START Excerpted data
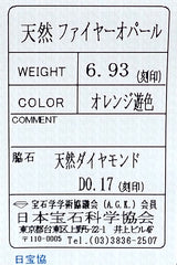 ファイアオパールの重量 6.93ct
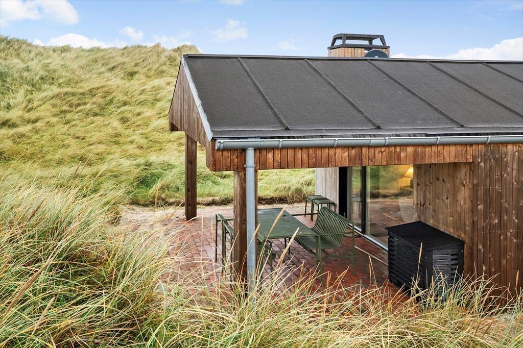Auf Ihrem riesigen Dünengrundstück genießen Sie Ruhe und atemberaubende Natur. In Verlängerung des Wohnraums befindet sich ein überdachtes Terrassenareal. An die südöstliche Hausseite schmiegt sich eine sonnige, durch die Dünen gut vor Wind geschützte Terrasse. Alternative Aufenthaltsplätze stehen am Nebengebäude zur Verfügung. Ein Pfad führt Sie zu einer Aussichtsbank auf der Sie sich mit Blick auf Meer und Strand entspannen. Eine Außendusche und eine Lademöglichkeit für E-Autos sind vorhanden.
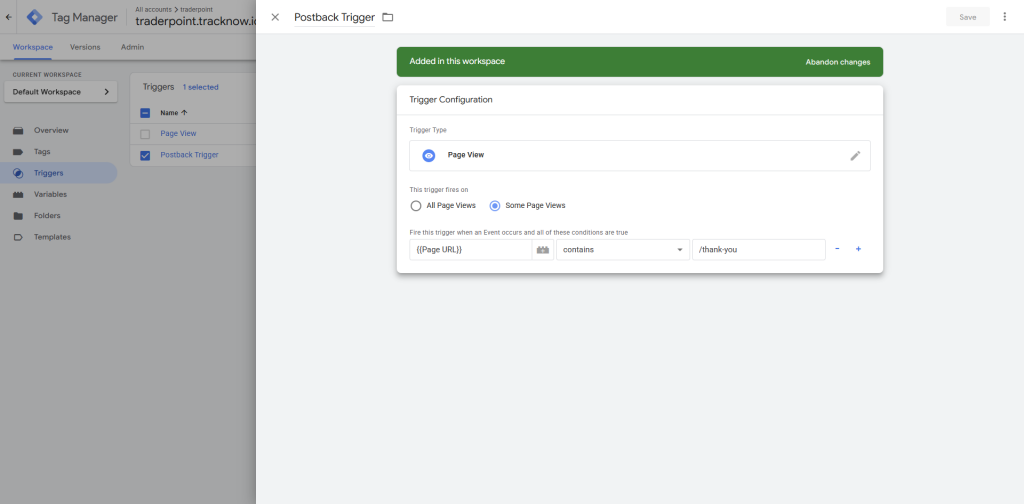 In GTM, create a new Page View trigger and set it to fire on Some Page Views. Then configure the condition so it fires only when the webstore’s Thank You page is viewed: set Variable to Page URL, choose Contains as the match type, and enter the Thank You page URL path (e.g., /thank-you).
END Excerpted data
START Excerpted data
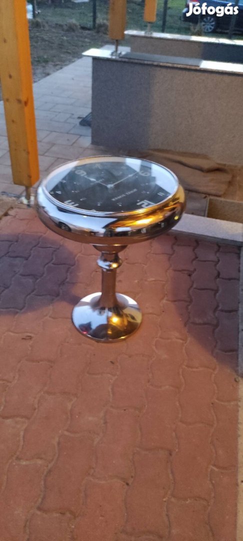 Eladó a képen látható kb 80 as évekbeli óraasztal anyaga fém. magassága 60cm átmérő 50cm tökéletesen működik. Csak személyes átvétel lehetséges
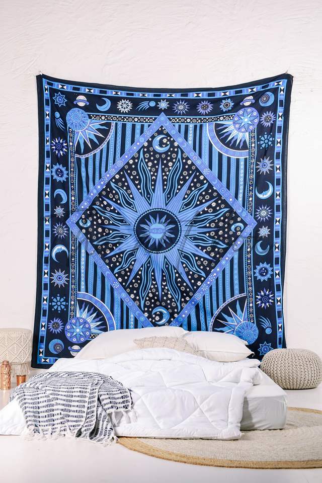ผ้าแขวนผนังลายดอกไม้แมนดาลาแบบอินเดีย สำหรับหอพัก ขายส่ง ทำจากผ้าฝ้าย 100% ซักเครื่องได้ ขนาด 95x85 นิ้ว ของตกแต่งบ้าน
END Excerpted data
START Excerpted data
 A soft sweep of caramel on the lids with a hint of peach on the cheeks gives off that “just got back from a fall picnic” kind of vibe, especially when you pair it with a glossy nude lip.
END Excerpted data
Starting with the line that has "ファイアオパールの重量 6.93ct" and ending with the line that has "In GTM, create", repeat the lines above exactly, omitting every picture.

Output of the task →
 ファイアオパールの重量 6.93ct
Auf Ihrem riesigen Dünengrundstück genießen Sie Ruhe und atemberaubende Natur. In Verlängerung des Wohnraums befindet sich ein überdachtes Terrassenareal. An die südöstliche Hausseite schmiegt sich eine sonnige, durch die Dünen gut vor Wind geschützte Terrasse. Alternative Aufenthaltsplätze stehen am Nebengebäude zur Verfügung. Ein Pfad führt Sie zu einer Aussichtsbank auf der Sie sich mit Blick auf Meer und Strand entspannen. Eine Außendusche und eine Lademöglichkeit für E-Autos sind vorhanden.
 In GTM, create a new Page View trigger and set it to fire on Some Page Views. Then configure the condition so it fires only when the webstore’s Thank You page is viewed: set Variable to Page URL, choose Contains as the match type, and enter the Thank You page URL path (e.g., /thank-you).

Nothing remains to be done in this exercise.